From a museological perspective:
The positive aspect of doing what you suggests is quite obvious. It would clear up space in museum storages, which is gravely needed. While that is so, there are several problems too. First of all, in most countries, smelting it down is illegal since you're destroying cultural heritage. On the other hand, if we were to choose specific pieces that we want to keep and discard the rest accordingly, they would be free for deaccessionizing and thus be ok to smelt down.
Which brings about the second problem. Ethically, we're not allowed to rank collections. Therefore it is impossible to choose specific lead pieces to keep vis-à-vis selling off. It may look easy from a far, but when you're actually faced with the problem, choosing which pieces of lead in the collections are no longer to be a part of human history is a huge commitment.

Edit:

So apparently there is some curiousity around the ranking of collections part. Ranking collections is ethically immoral because that means putting a value on our cultural heritage. Ideally, every piece of cultural heritage has equal value, it is invalueable which at the same time means that it is worthless. It does not have a price. By ranking collections we're suddently saying that one artefact is worth more than another, which at a first glance seems harmless. A bullet may not be as interesting as the Mona Lisa, but what if that specific bullet was the one that killed Franz Ferdinand? Or what if museums in the west rank artefacts from western territories higher than ones from the east because it has a higher value for people living there - and vice versa for museums in the east?
These are just the basics of ranking-problems. When you go into detail more you'll find loads of these petty problems. However, as some of you have pointed out, academics have started pointing out the flaw in not ranking items at all. In fact, we're more or less ranking them already, because insurance companies need to put a monetary value on some of these objects and thus they are assigned a value. I'm also positive that you could go into almost any museum in the world and ask an employee there what his/her favorite object is and get a straight answer - meaning that they have ranked at least one object above the others, even if it's not on paper.

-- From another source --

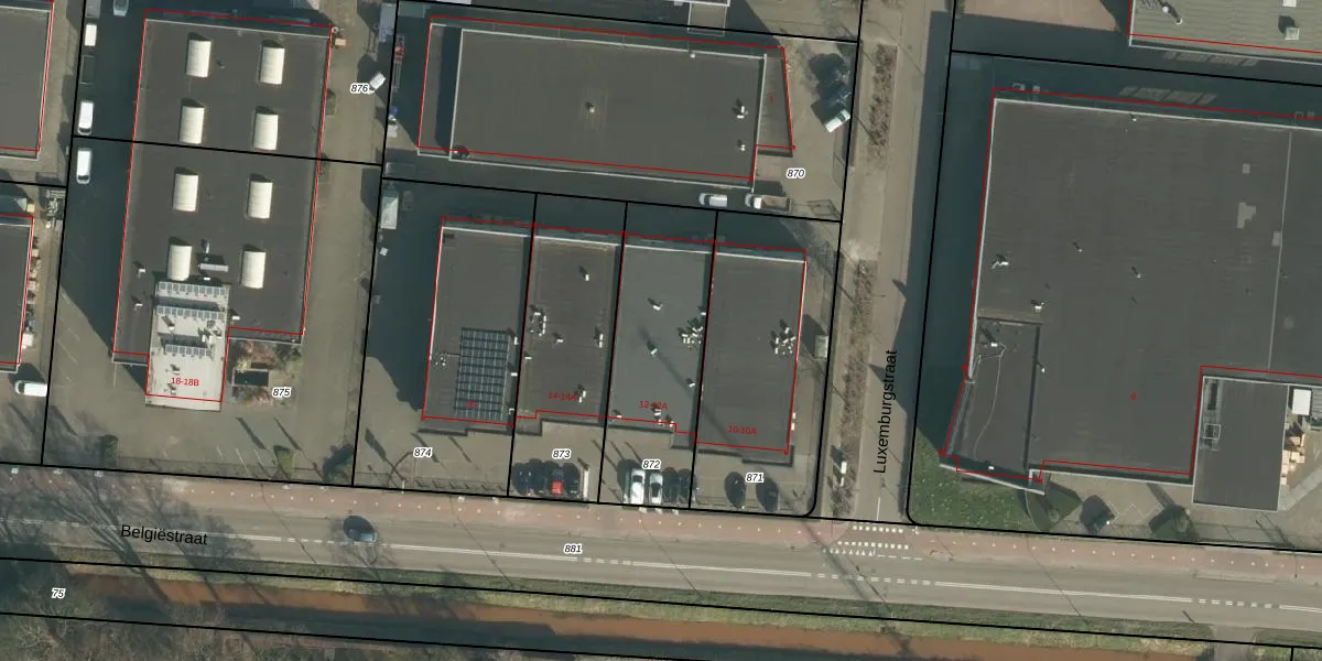 Het perceel waarop Belgiëstraat 12-A staat heeft een oppervlakte van 629 m². Dit is een groot perceel. De perceeloppervlakte wordt geregistreerd door het Kadaster. Gedetailleerde informatie over de maten van dit perceel kunt u vinden in het rapport Kadastrale kaart met maatvoering van Belgiëstraat 12-A.

I'm an archeologist and I am not fully against the use of Roman lead in physics experiments. But here are a few concerns:

1. Discussing the lead as one big lump ignores the extent to which these are specific artefacts. Most of these are in the form of seals, bits of pipe, etc. These have potentially crucial provensnces.

2. These is a matter of precedent. There is a long history of people destroying archeological remains because they think they are unimportant our there was no potential information from them. Researchers used to beak through mudbrick, destroy pottery and throw away charcoal. Today, these give us invaluable insight, and so archaeologists are loath to throw more away and be the folks of tomorrow's story.

3. The team in question, if we are talking about the same team, chose to ignore official channels and source lead from looted sources. This is insulting, offensive even, and shows the researchers have not even the basic respect for our field to obey even the most fundamental of ethical precepts, things even children could understand.

Now, I still think there is enough Roman lead that we can afford to lose a little given how useful it will be to physicists. The actions of the physicists, however, were unforgivable.

No matter how mundane an artifact may seem it was still crafted by human hands at some point in the past. It has significance just by existing and being admired for that fact.

Imagine, if you will, that for whatever reason ancient gold coins became 100x more valuable/useful if we melted them all down into bars. We could document them with scans, pictures, and experiments down to the most minute level possible. But then what? What happens when they are all gone? Are pictures/reproductions really the same thing as looking at the original artifact or holding it? I believe firmly that "scans and measurements" can never replace the original thing. The loss of all our Roman lead would actually be a huge cultural loss.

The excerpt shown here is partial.